Surprised, Ben asked, “What does that mean, exactly?”
“Share information. We have an overlap of motivations. You want to know who killed your brother and why. I want to know who’s been killing the old men.”
Is she on the level? he wondered. Was this some kind of trick? What did she really want?
“You think the murderers are one and the same? My brother and these men on that list of yours?”
“I’m convinced of it now. All part of the same pattern, the same mosaic.”
“What’s in it for me?” He looked at her boldly but softened it with a grin.
“Nothing official, let me tell you that right up front. Maybe a little protection. Put it this way—they’ve already tried to kill you more than once. How long is your luck going to hold?”
“And if I stick close to you, I’m safe?”
“Safer, maybe. You got a better idea? You did come to my hotel, after all. Anyway, the cops took your gun, right?”
True. “I’m sure you understand my reluctance—after all, until very recently you wanted me in prison.”

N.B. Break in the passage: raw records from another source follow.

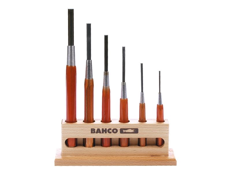 סט של מקבים 3646מקבילים / ישרים גימור: ציפוי ניקל, ראש אימפקט בטיחותי חומר: ונדיום מיוחד, כיסוי פלסטיק תקן DIN 6450, צורה D. פין מושחז ומלוטש, קנה מתומן בתוך מעמד מעץ מקט:3646/6 ,יצרן:BAHCO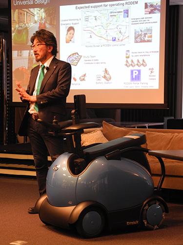 RODEMは「質の高い生活を、すべての人に」をコンセプトとし、誰もが暮らしやすい社会を実現したいとの想いで開発された次世代型スマートモビリティ。時にはロボット、時には乗り物、時には車いすとしての役割を1台で果たし、介助者・被介助者双方の負担を軽減する。テムザックは2009年に発表した車いすロボットの開発を続けており、福祉国家であるデンマークでの実証実験などを経て、ようやく今回の発表に至ったという。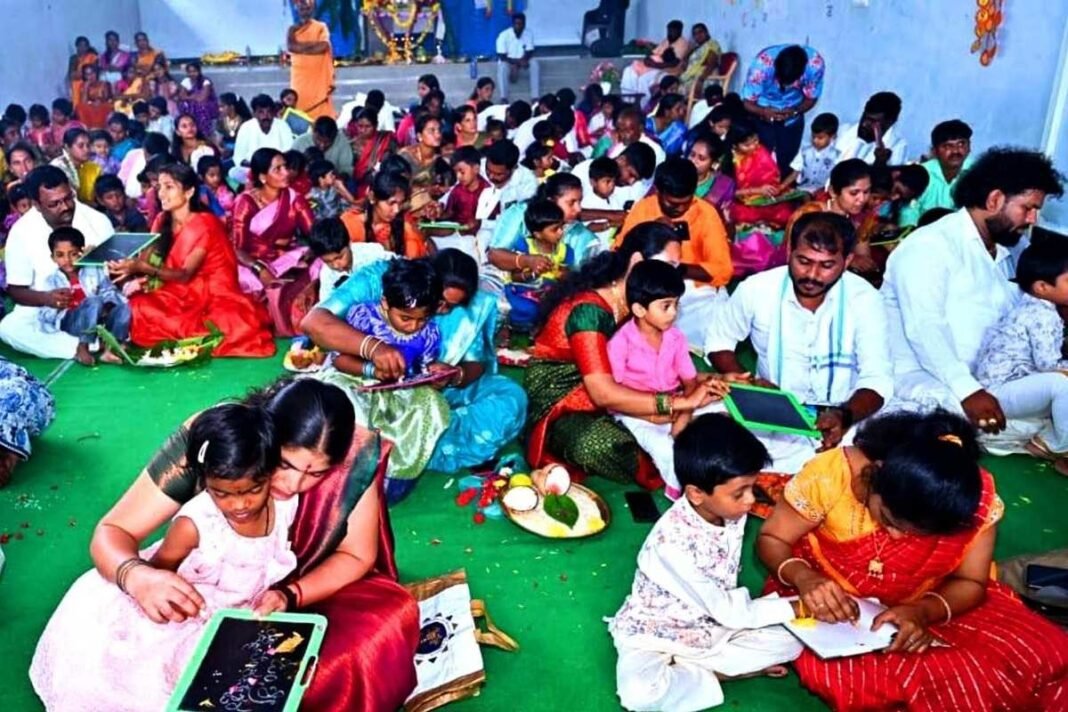 ಕಾರ್ಯಕ್ರಮದಲ್ಲಿ ಹಿಂದೂ-ಮುಸ್ಲಿಮರು ಎನ್ನುವ ಬೇಧಭಾವವಿಲ್ಲದೆ, ತಮ್ಮ ಮಕ್ಕಳಿಗೆ ಅಕ್ಷರಾಭ್ಯಾಸ ಮಾಡಿಸಿದರು.

“Look, feel free to go back to your hotel. Have a good night’s sleep.”
“Point taken. You’re making a generous offer. Maybe one I’d be foolish to turn down. I—I don’t know.”
“Well, sleep on it.”
“Speaking of sleep—”
Her eyes searched the room. “I—”
“I’ll call down to the front desk and get myself a room.”
“I doubt you’ll get one. There’s some conference here, and they’re booked to capacity. I got one of the last rooms available. Why don’t you sleep on the couch?”
He gave her a quick look. Did the uptight Special Agent Navarro just invite him to spend the night in her room? No. He was deluding himself. Her body language, the unspoken signals, made it clear: she’d invited him here to hide out, not to slip into her bed.